DESBLOQUEA TU ESCRITURA - EJERCICIO NO. 2 - EUGENIO




EUGENIO




Sólo los privilegiados se sentaban a la mesa de Eugenio. No lo eran porque tuvieran mucho dinero ni porque viniesen de noble cuna, simplemente él, por su carácter, te aceptaba o no. Era lo más parecido a un perro que sólo elige a un amo y a los que se le acercan. De hecho, hubiera sido uno de presa de haber podido elegir. Mi padre siempre me decía que era más duro que un clavo en un ataúd y cumplía con sus promesas si le pedías algo.

Todavía recuerdo el día que le conocí. Fue en Sanlucar La Mayor, donde vivíamos. Por la tarde. Confieso que me impresionó porque yo tenía cuatro o cinco años y por las cosas que escuché de mi padre. Estaba en su salón, una habitación minúscula y austera donde cabían sólo un mueble (con una televisión) y un par de estanterías en la pared, blanca y sin cuadros. Se hallaba sentado a la mesa, sobre una silla vieja y de madera. Tieso como un palo, veía una película de hombres-lobo en el video comunitario mientras apoyaba su brazo derecho sobre la mesa y el izquierdo sobre el respaldo de su asiento. En el extremo de éste último siempre había un ducados humeando. Eran tiempos en los que el tabaco no estaba tan mal visto.

Al llegar a la habitación nos saludamos (él no se levantó, era un tío duro) y nos sentamos.
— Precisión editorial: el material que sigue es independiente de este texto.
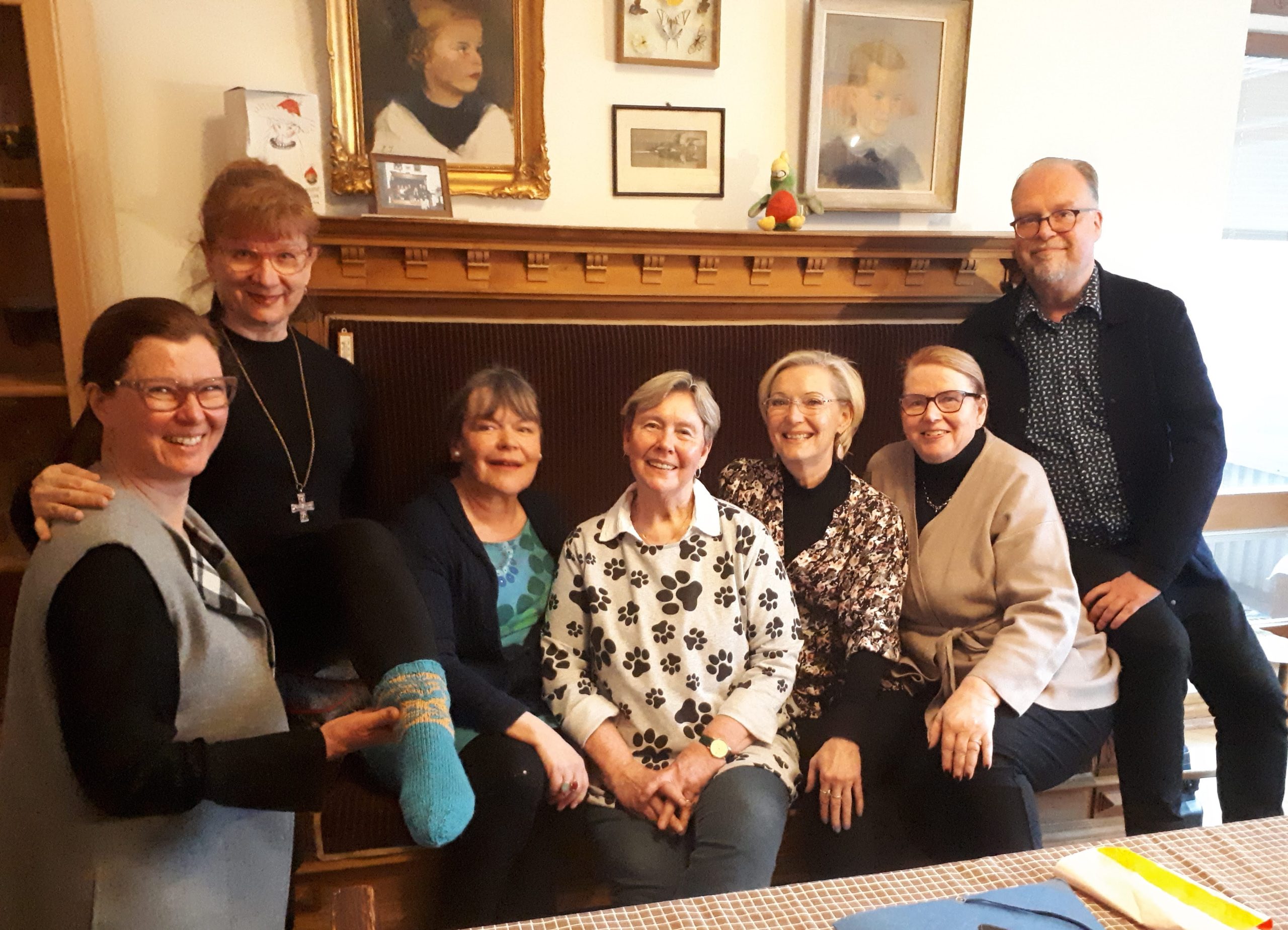 Perinteinen kokous puheenjohtajan kotona ja perinteinen kuva. (Katso ensimmäistä kuvaa vuodelta 2018.) Silja, Heljä, Marketta, Maarit, Pirjo, Eeva-Liisa ja Pertti (4.4.2022).

Me miró con una leve sonrisa, la boca abierta mostrando unos dientes amarillos y descolocados y me dijo --¿y tú qué haces, Andres Jesús?”--. Yo me quedé callado por la vergüenza y él se rio al tiempo que añadía --“tú lo que eres es un vaina”--. En ese momento fui yo el que sonrió. Jamás nadie me ha vuelto a decir un insulto con más cariño. No dejaría de llamarme de la misma forma hasta que murió, de cancer de pulmón. Demasiados años de ducados.
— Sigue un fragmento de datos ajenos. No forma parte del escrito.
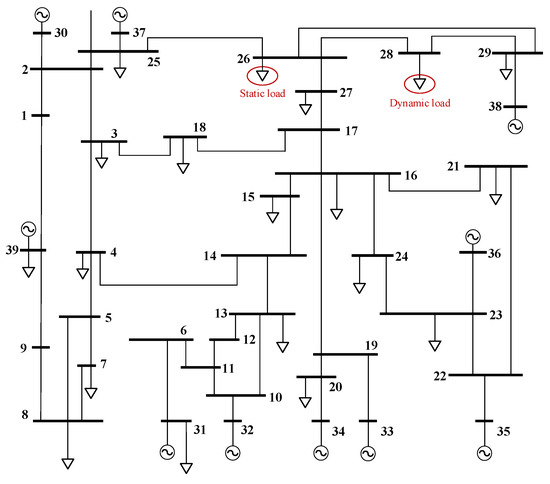 In this section, the accuracy of the proposed model method is validated using the IEEE 39-node system on the DIgSILENT PowerFactory platform. Specifically, Node 26 is designated as static load, Node 28 is designated as dynamic load, and the parameters are detailed in Table 3 and Table 2. The topology of the IEEE 39-node system is shown in Figure 24.

Por aquel entonces, Eugenio trabajaba en la mina, con mi padre y no paraban de hablar del tema. Yo no sabía qué significaba aquello. Me lo imaginaba como una faena muy sucia. No sé si fue mi inconsciente pero esa fue la explicación que yo le daba a su color de piel, oscura y repleta de lunares con unas manos surcadas de arrugas y con dedos enjutos. Rosa, su mujer, estaba en la cocina y cuando terminó lo que se traía entre manos, vino con nosotros. Era una mujer muy alegre y servicial, de sonrisa ancha pero aquel día tenía la mirada vidriosa.
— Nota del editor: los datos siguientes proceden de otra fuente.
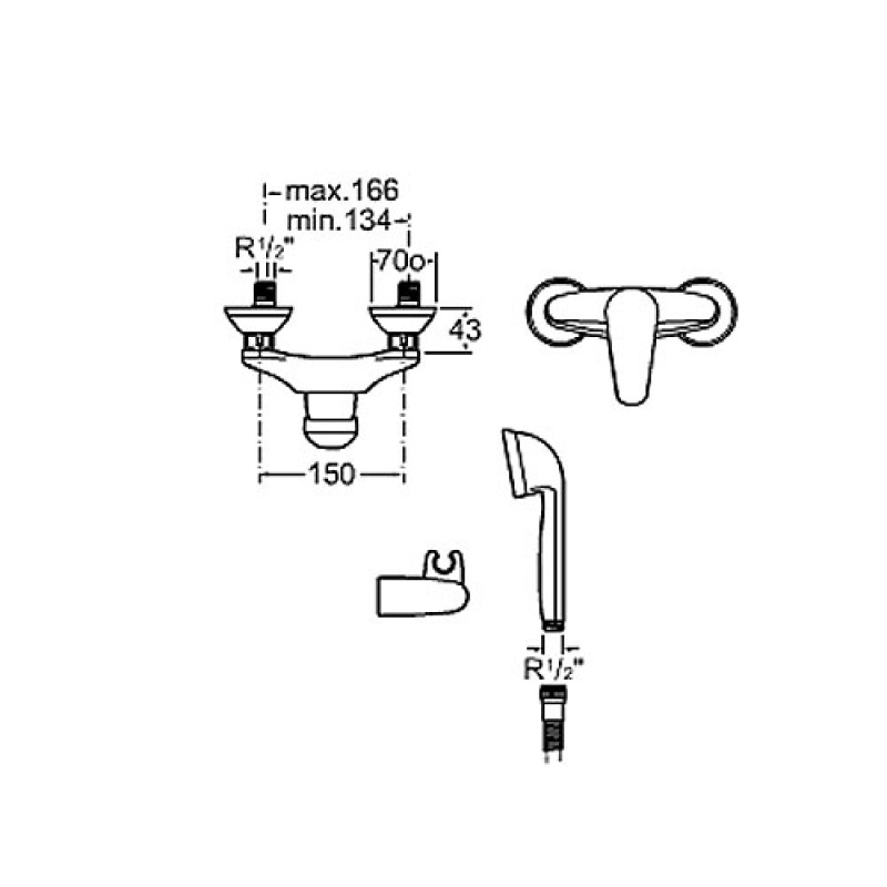 Roca Monojet-N vaňová / sprchová batéria nástenná so sprchou a prísl. A5A2039C00* Dvouootvorová montáž

La charla de Rosa y mi madre derivó hacia el de la familia, concretamente hacia los hijos de la primera: Rosarillo, Carlos y Saturnino. Había una noticia: Rosarillo se iba a vivir con su novio, Ildefonso. Éste era militar de carrera y le habían destinado fuera de Sevilla, a Almadén. Al oír las palabras, Eugenio endureció el rostro. Él no solía hablar mucho, empleaba más bien frases cortas y directas pero en esta ocasión se explicó con todo lujo de detalles, de forma lenta y tajante. En ese momento, entró Rosarillo. Creo que en todo lo que la conocí, sólo la vi en casa de sus padres en dos o tres ocasiones y ésta fue una de ellas. Tenía la mirada baja y una expresión de tristeza en la cara. Nos saludó y nos explicó que se iba. Eugenio estaba rígido, en ese momento. Alzó la voz y le preguntó si lo tenía todo preparado y si sabía cuándo salían. Su hija asintió y se excusó para seguir preparando la maleta. Eugenio, llevándose el cigarro a los labios, exhaló a través de la nariz mientras parecía que dos lágrimas incipientes se formaban en sus ojos. En contra de lo que mi padre me decía, al parecer los hombres duros también lloran.